Exercise brief: As an exercise, transcribe the data below in full and exactly, omitting pictures.

Data segment:
Segment Open

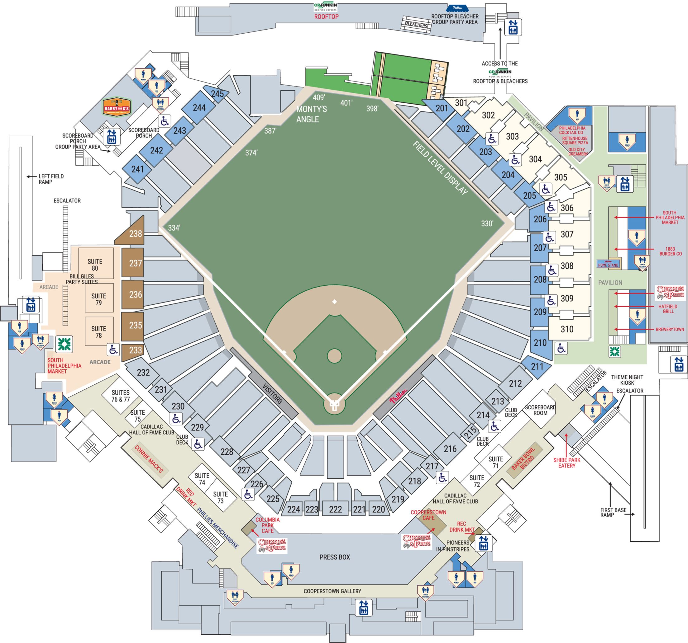 Shibe Park Eatery (behind Section 212) Featuring pizzas, Richman’s soft-serve ice cream and traditional ballpark fare (for Hall of Fame Club guests).
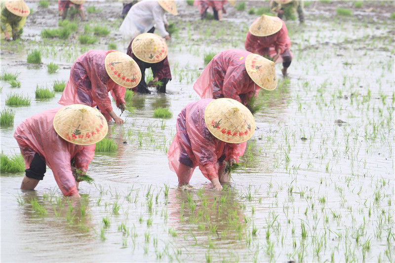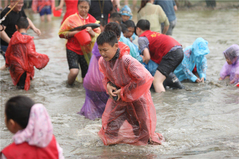 2019年5月26日,江苏淮安市洪泽区岔河镇举办“插秧节”活动,游客通过手工插秧比赛、亲子插秧体验、稻田抓鱼、稻田拔河等趣味游戏体验农耕乐趣,感受田园生活。陈凯/视觉中国 编辑/陈进
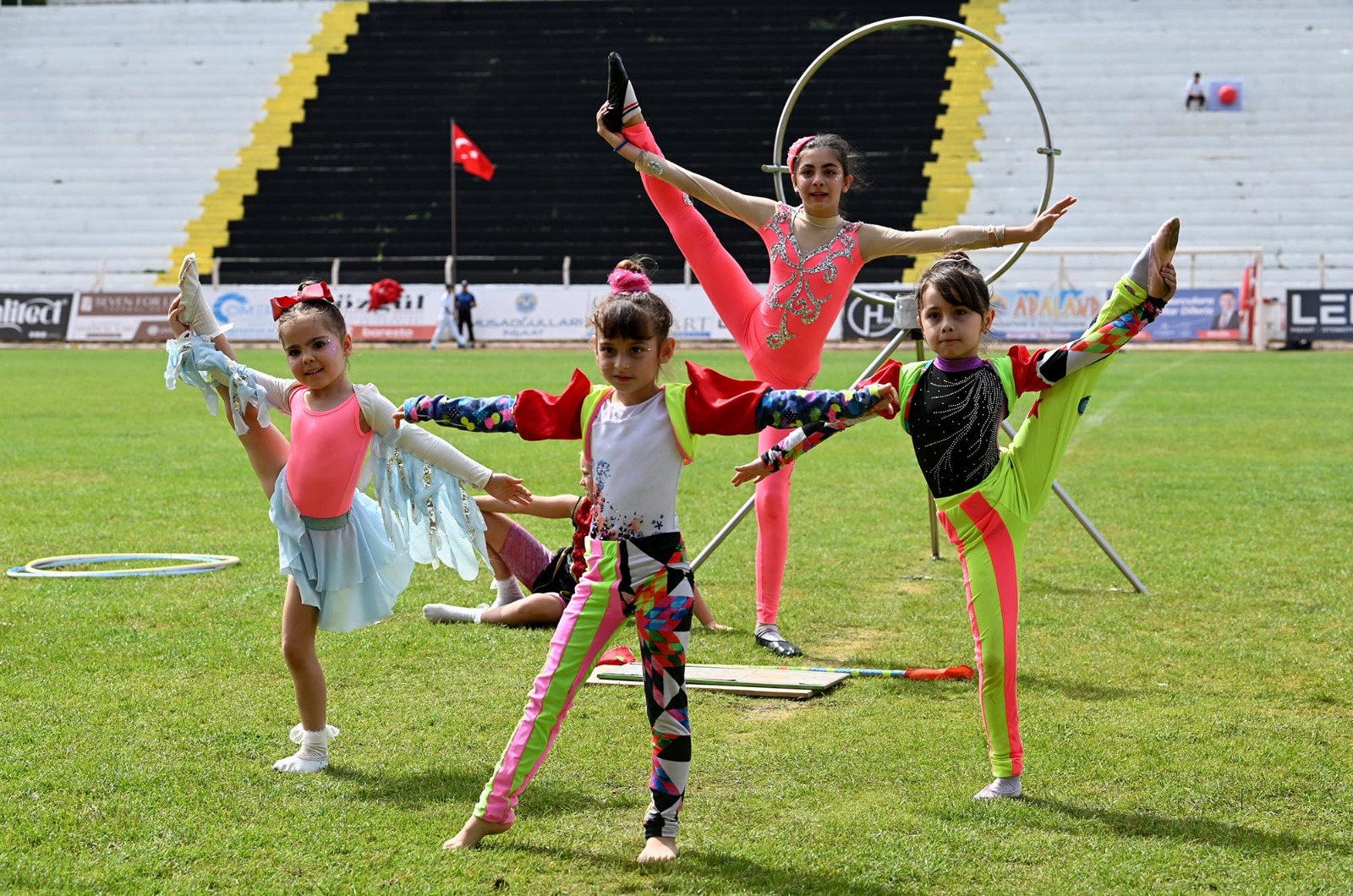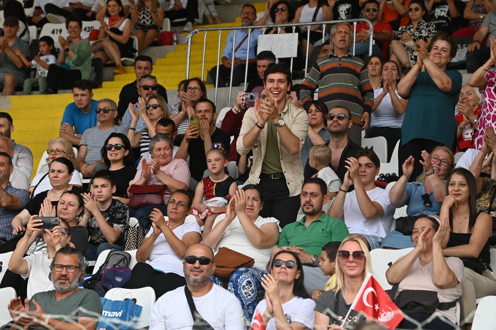 Özer Türk Stadı’ndaki programda, saygı duruşunda bulunulması ve İstiklal Marşı'nın okunmasından sonra Kuşadası Kaymakamı İbrahim Keklik ve Belediye Başkanı Ömer Günel, törene katılan öğrenciler ve vatandaşların bayramını kutladı. Günün anlam ve önemini belirten konuşmaların ardından dans ve jimnastik gösterileri sergilendi. Kutlama programında lise öğrencileri tarafından okunan “Atatürk’ün Gençliğe Hitabesi ve Gençliğin Ata’ya Cevabı” Kuşadalılar tarafından ayakta alkışlandı.

Segment Closed

Exercise result:
 Shibe Park Eatery (behind Section 212) Featuring pizzas, Richman’s soft-serve ice cream and traditional ballpark fare (for Hall of Fame Club guests).
 2019年5月26日,江苏淮安市洪泽区岔河镇举办“插秧节”活动,游客通过手工插秧比赛、亲子插秧体验、稻田抓鱼、稻田拔河等趣味游戏体验农耕乐趣,感受田园生活。陈凯/视觉中国 编辑/陈进
 Özer Türk Stadı’ndaki programda, saygı duruşunda bulunulması ve İstiklal Marşı'nın okunmasından sonra Kuşadası Kaymakamı İbrahim Keklik ve Belediye Başkanı Ömer Günel, törene katılan öğrenciler ve vatandaşların bayramını kutladı. Günün anlam ve önemini belirten konuşmaların ardından dans ve jimnastik gösterileri sergilendi. Kutlama programında lise öğrencileri tarafından okunan “Atatürk’ün Gençliğe Hitabesi ve Gençliğin Ata’ya Cevabı” Kuşadalılar tarafından ayakta alkışlandı.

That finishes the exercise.